You've got a brand new family configuration, and you're starting a brand new life. Almost everybody says, and I agree, that it's best if you can start all this freshness in a new, neutral place. When you all move to a new place, you'll have these advantages:

  • You all have the excitement of creating a new life together.
  • You can look for a home with the correct physical requirements for your larger family.
Don't Be Wicked

Don't just write off a child's distress at moving. The loss of a home can feel devastating. Consider the child's temperament and developmental situation. Listening to children's real needs is not just “catering to their whims.”

Disadvantages of Simply Combining

Moving somewhere new isn't always possible, or perhaps one person has a dream house with enough room for everybody. It seems so easy that all the new step has to do is pack the bags and come on over.

Watch out! A lot of people have tried just this, and a lot have found it to be disastrous. Inevitably, the newcomer feels like an intruder, a visitor, as though he's trying to fill another person's shoes.

When one family joins another family in its old homestead, the issues are different for each set of kids, both the movers, and the moved-in-ons. The ones who are moving in (the movers) have a whole new environment to get used to. They may feel “new-kid-on-the-block-itus,” that horrible sense that they know less and matter less than the kids who have seniority.

Many of these issues can be avoided by having everybody move, finding a new house or apartment that fits everybody's needs.

I Kid You Not!

As strange as it may seem at first, perhaps your best option is to have the child stay in his house and have the adults move in and out. Jimmy keeps his house, room, neighborhood, and school. Mom lives with Jimmy for a month, and then she moves out and Dad moves in for a month. Yes, it's more complicated when it's Mom and her Love, and Dad and his Honey—and it probably won't work if Love or Honey has kids, too. But it's something to consider, especially if the child is having a hard time adjusting to changes.

Uneven Finances

When stepfamilies begin discussing living situations, money issues often come up, especially when couples who have uneven financial situations come together as a family. Perhaps she's been used to a middle-class house in the suburbs with a pool and a large mortgage, and he's fresh from a small urban rent-controlled apartment downtown. How much rent or mortgage can they afford? How much do they want to afford?
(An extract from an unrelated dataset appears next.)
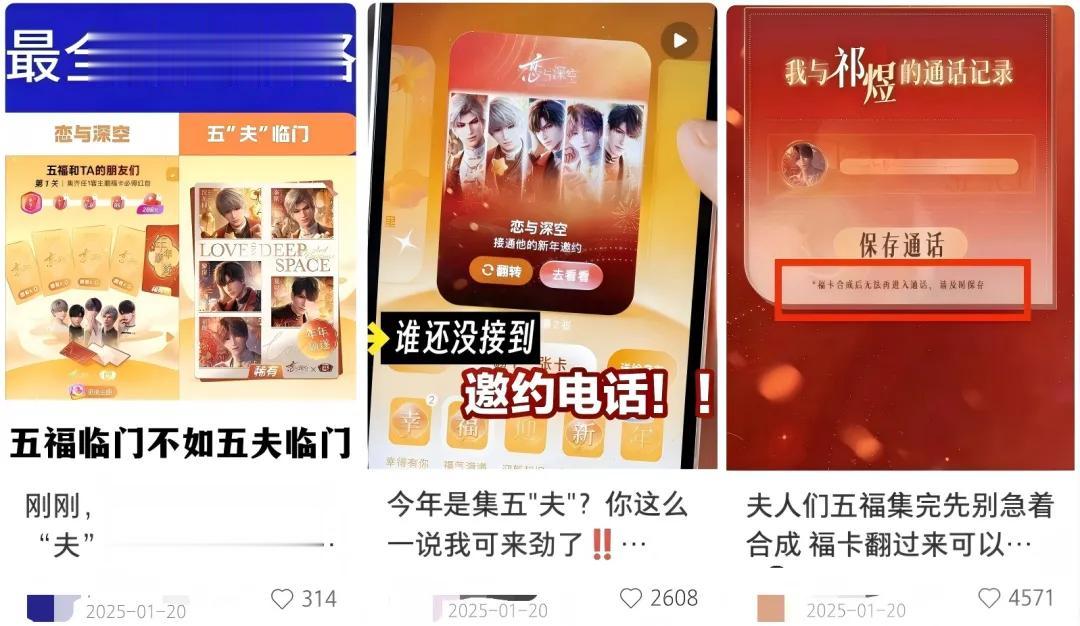 比如去年用户翻转《恋与深空》福卡后,大概率会触发男主的邀约语音电话彩蛋,聆听来自男主的新春爱意;

This couple could try to find a place where they each can afford half of the housing costs, or they could approach it differently. Each could figure out how much they can contribute individually, pool the money, and decide what they can afford for that amount. As long as everybody is happy, it doesn't need to be 50/50. Keep the lines of communication open to prevent resentments from building up.

When Not to Move

There are times in each child's life where a big change, such as moving to another community, can be devastating. Sometimes it's a little child who needs the security of a familiar home and school. It might be a teenager who wants to finish high school with friends. You may want to reconsider your plans. Perhaps when you really think about it, the child and his parent should stay put, and the stepparent (given she's got no kids) should move in. Hey, you can always try it for a while. Moving vans are for rent any day of the week.

Post-Move Letdown Syndrome

A new place won't fix everything. Moving is traumatic and expensive, and when everybody has to move, everybody is traumatized. Yes, the new house has fresh clean paint, but you are the same old, cracked people. After the movers are gone, you may find yourselves standing around and looking at each other thinking, “Now what?” Post-Move Letdown Syndrome (PMSL) is common. Hang in there and try to enjoy setting up your new household. This stage, too, shall pass.